Romantic comedies, especially those set in high schools and colleges, have suffered from overexposure in the past few years. Most have been cliché-riddled pabulum – endless, thinly-veiled reworkings of Pygmalion and The Taming of the Shrew. The danger is that Loser will suffer from guilt by association at the box office. That would be a shame, because Heckerling’s movie is smarter and breezier than anything that has recently traveled this well-trodden path.
While Loser never quite breaks free of the romantic comedy envelope, it occasionally tests the boundaries. With one exception, the film earns its laughs without turning its characters into buffoons or endangering their dignity.
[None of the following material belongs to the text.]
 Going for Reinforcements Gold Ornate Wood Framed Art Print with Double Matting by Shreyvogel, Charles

And it’s a pleasure to watch a movie in which the protagonists speak and act like individuals who have more on their minds than who they’re going to take to the big dance (a plot device that is thankfully absent in Loser). Academic and financial issues rank as highly on Paul and Dora’s list of priorities as finding the right mate.
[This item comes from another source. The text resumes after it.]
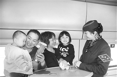 沈阳铁路局长春客运段的D23次列车,针对列车运行时间长、特殊旅客多等特点,为旅客提供了优质、周到的服务,赢得了旅客的赞扬。图为D23次列车长正在向第一次乘坐动车的小旅客介绍旅行常识。呼兴宝 摄

Loser is guaranteed to appeal to anyone who has liked the umpteen recent late teens/early twenties romantic comedies, but the film also has qualities that could attract a wider audience. Despite the presence of American Pie alums Biggs and Suvari, this is not an excursion into crude, lewd humor and madcap sexcapades. Both the sexual content and the profanity are limited; Heckerling expects the characters to carry Loser, which they do. And that’s an all-too-rare statement to make about any Hollywood-based production these days. Loser bucks the summer trend, proving that a little light romance is an appealing antidote to an overdose of testosterone and adrenaline.
Loser (2000)
Directed by: Amy Heckerling
Starring: Jason Biggs, Mena Suvari, Zak Orth, Thomas Sadoski, Jimmi Simpson, Greg Kinnear, Dan Aykroyd, Twink Caplan, Robert Miano, Mollie Heckerling, Colleen Camp
Screenplay by: Amy Heckerling
Production Design by: Steven J. Jordan
Cinematography by: Rob Hahn
Film Editing by: Debra Chiate
Costume Design by: Mona May
Set Decoration by: Patricia Cuccia, Beth Kushnick
Art Direction by: Andrew M. Stearn
Music by: David Kitay
MPAA Rating: PG-13 for drug content, crude sexual material and language.